• Extracted records
== Segment start ==
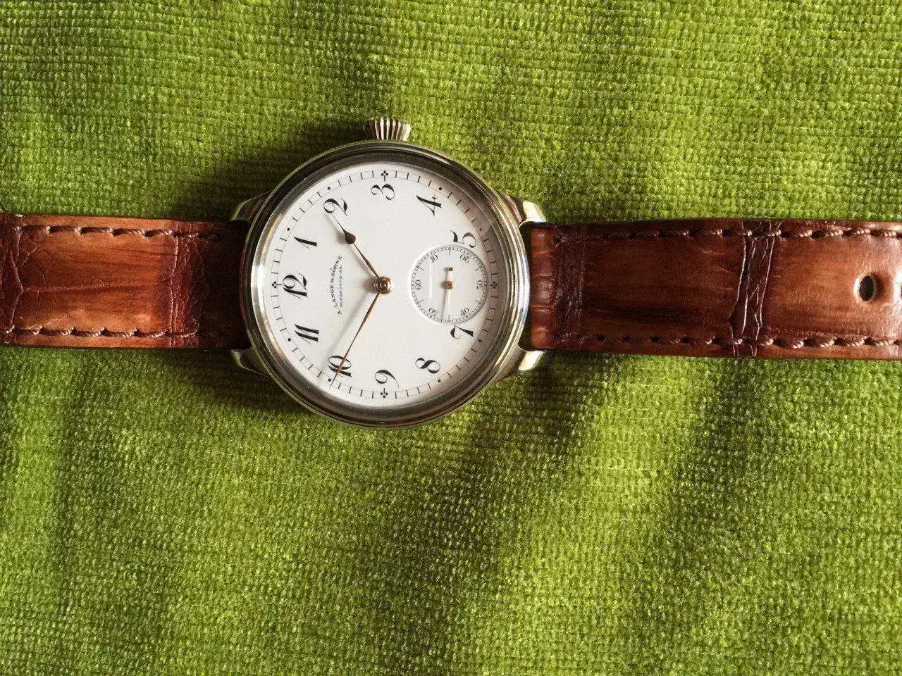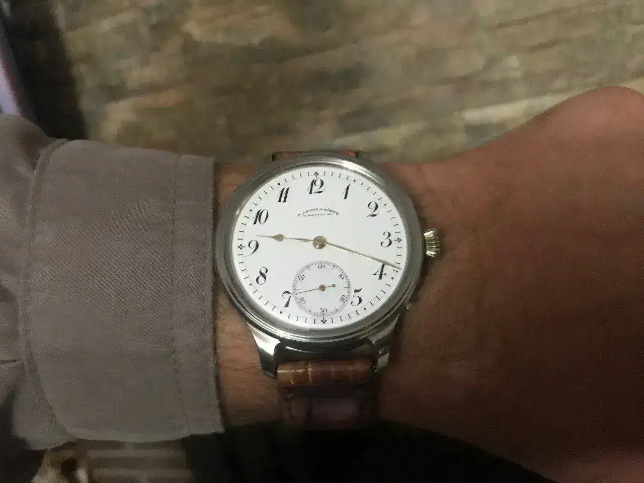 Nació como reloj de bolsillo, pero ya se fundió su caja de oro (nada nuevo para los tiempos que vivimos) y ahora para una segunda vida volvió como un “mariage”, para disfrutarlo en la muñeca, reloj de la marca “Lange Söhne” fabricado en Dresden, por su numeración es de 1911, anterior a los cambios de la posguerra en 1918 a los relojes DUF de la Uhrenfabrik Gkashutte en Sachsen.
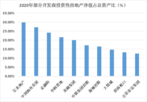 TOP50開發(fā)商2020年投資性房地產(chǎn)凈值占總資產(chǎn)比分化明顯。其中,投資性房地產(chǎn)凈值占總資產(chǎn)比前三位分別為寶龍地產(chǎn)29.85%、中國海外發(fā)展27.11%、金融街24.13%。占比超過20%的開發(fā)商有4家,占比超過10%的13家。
== Segment end ==
== Segment start ==
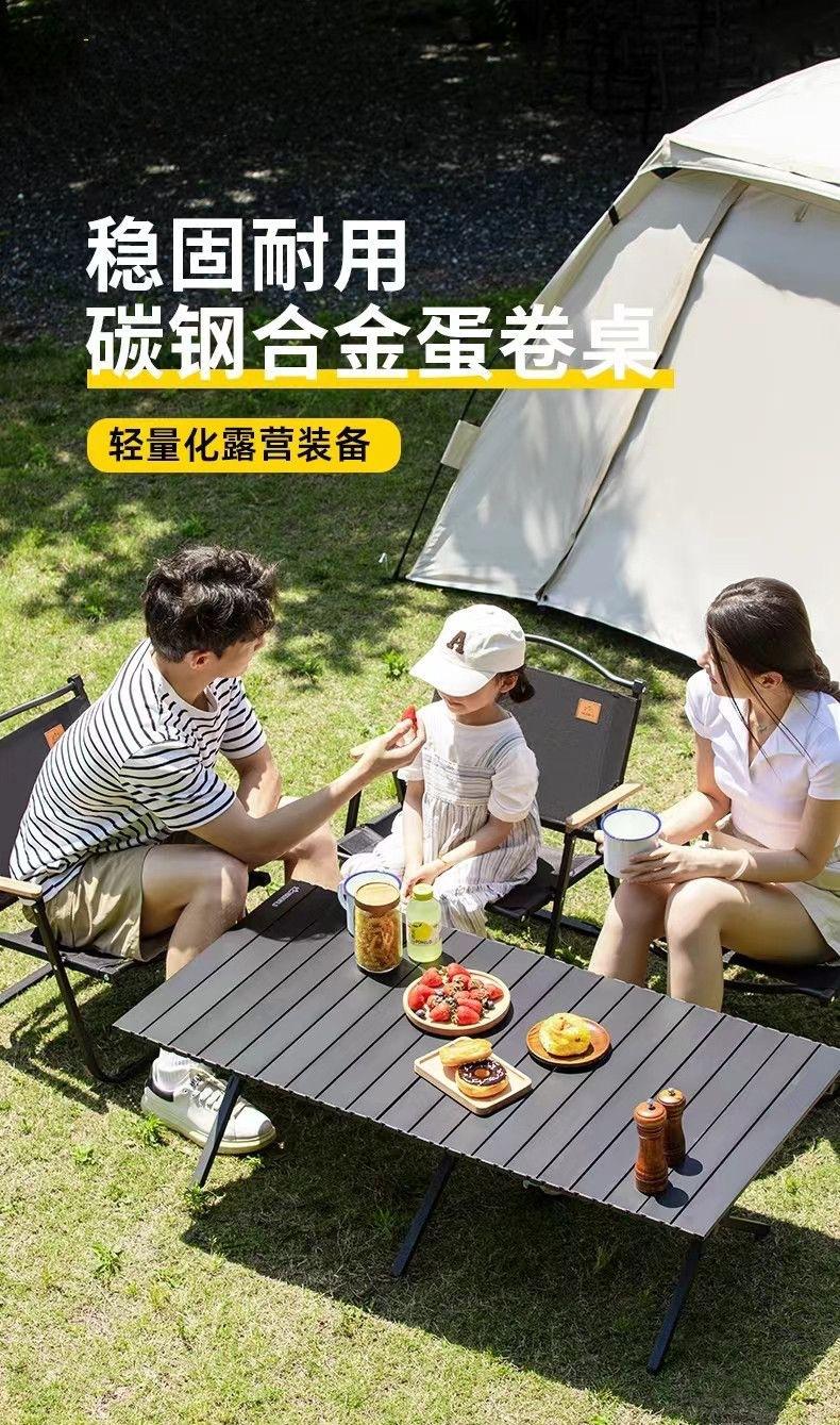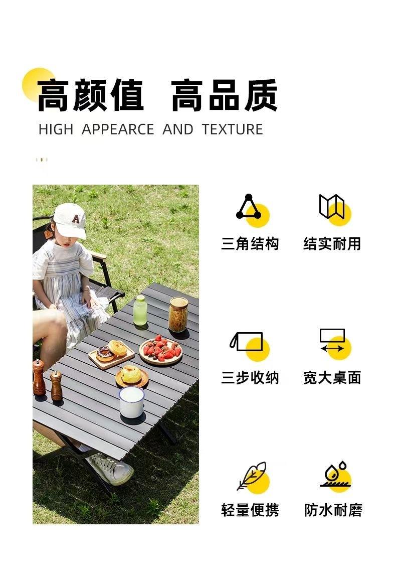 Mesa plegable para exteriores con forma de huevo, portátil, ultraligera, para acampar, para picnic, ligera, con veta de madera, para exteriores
== Segment end ==
== Segment start ==
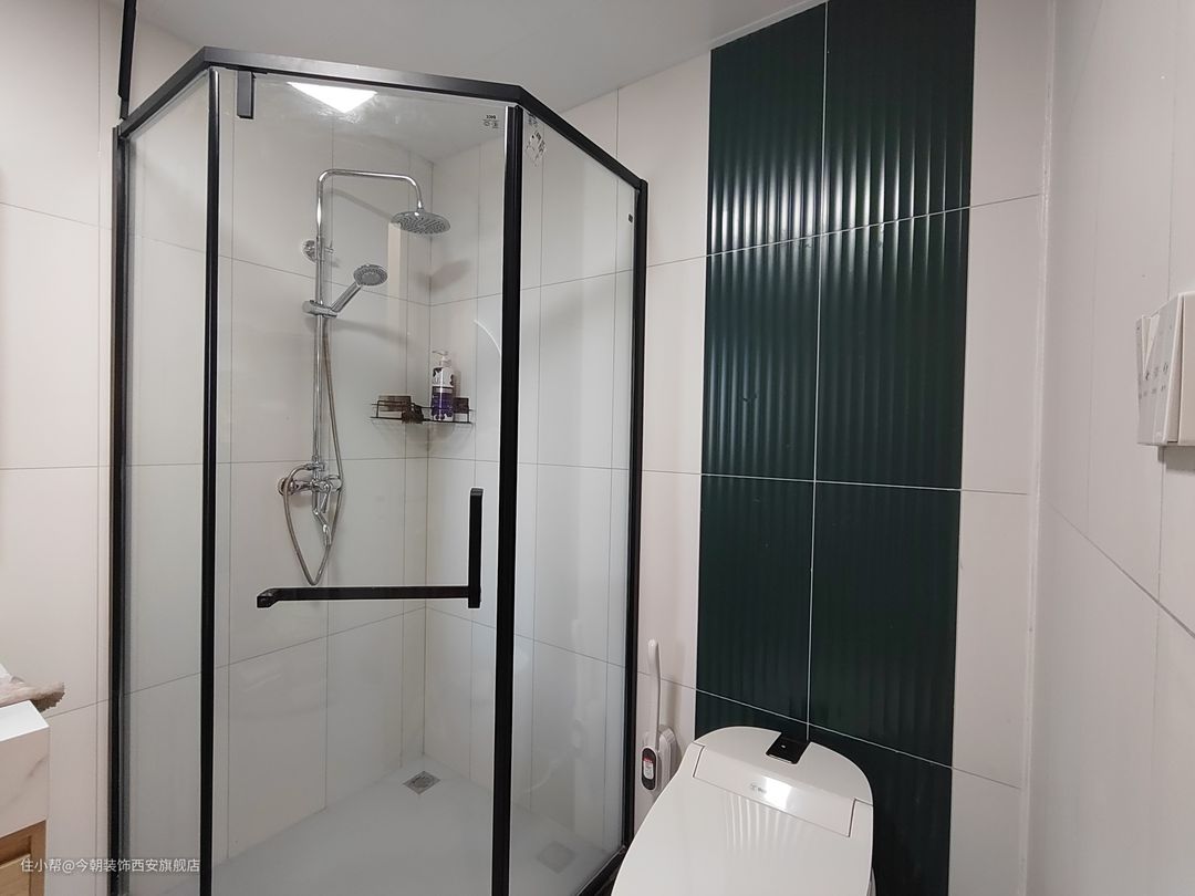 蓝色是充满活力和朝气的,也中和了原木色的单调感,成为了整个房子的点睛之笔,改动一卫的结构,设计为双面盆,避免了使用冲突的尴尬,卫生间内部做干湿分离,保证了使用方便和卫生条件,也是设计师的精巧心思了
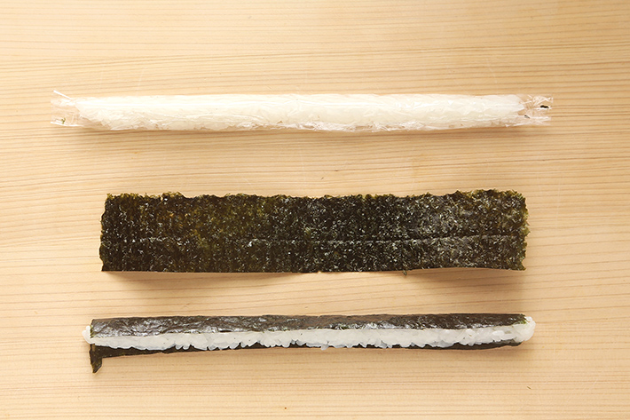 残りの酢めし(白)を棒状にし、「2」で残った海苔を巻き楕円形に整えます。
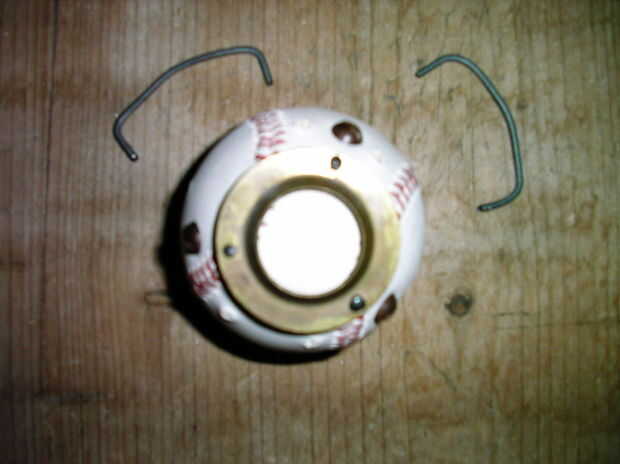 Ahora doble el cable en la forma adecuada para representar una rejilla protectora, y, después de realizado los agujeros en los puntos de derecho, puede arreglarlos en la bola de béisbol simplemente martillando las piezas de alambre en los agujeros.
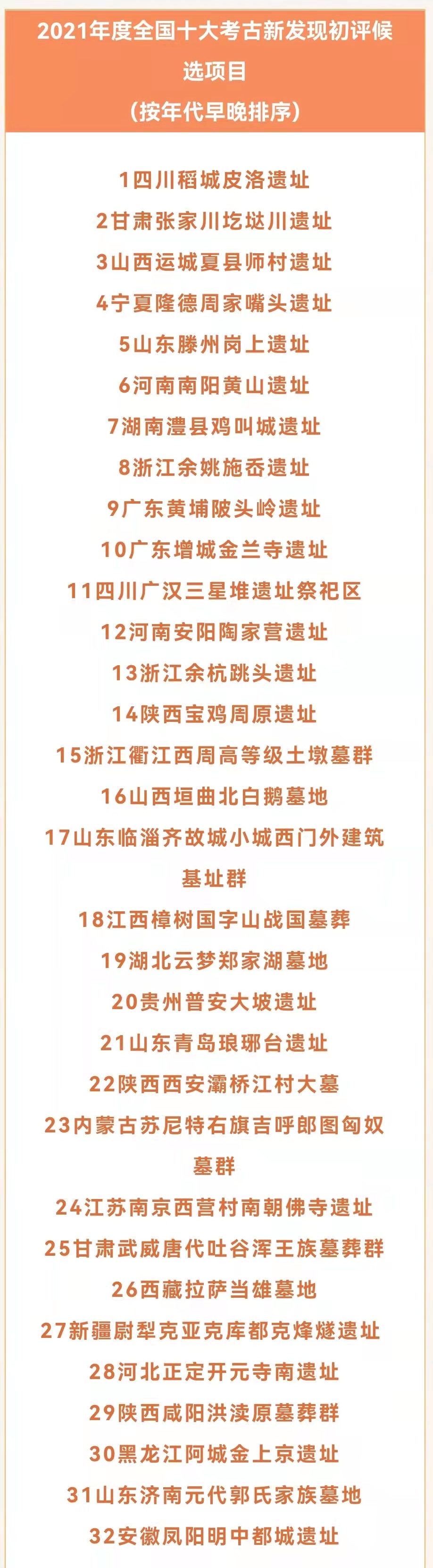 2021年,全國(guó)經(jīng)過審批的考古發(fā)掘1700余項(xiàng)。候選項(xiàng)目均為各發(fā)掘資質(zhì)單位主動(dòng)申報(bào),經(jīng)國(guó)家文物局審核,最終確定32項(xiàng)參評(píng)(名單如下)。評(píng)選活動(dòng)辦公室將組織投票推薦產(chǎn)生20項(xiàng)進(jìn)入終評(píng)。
== Segment end ==
Exactly the lines above from the one that contains "Nació como reloj" down to the one that contains "TOP50開發(fā)商20" are to be output, both ends kept and pictures omitted.

 Nació como reloj de bolsillo, pero ya se fundió su caja de oro (nada nuevo para los tiempos que vivimos) y ahora para una segunda vida volvió como un “mariage”, para disfrutarlo en la muñeca, reloj de la marca “Lange Söhne” fabricado en Dresden, por su numeración es de 1911, anterior a los cambios de la posguerra en 1918 a los relojes DUF de la Uhrenfabrik Gkashutte en Sachsen.
 TOP50開發(fā)商2020年投資性房地產(chǎn)凈值占總資產(chǎn)比分化明顯。其中,投資性房地產(chǎn)凈值占總資產(chǎn)比前三位分別為寶龍地產(chǎn)29.85%、中國海外發(fā)展27.11%、金融街24.13%。占比超過20%的開發(fā)商有4家,占比超過10%的13家。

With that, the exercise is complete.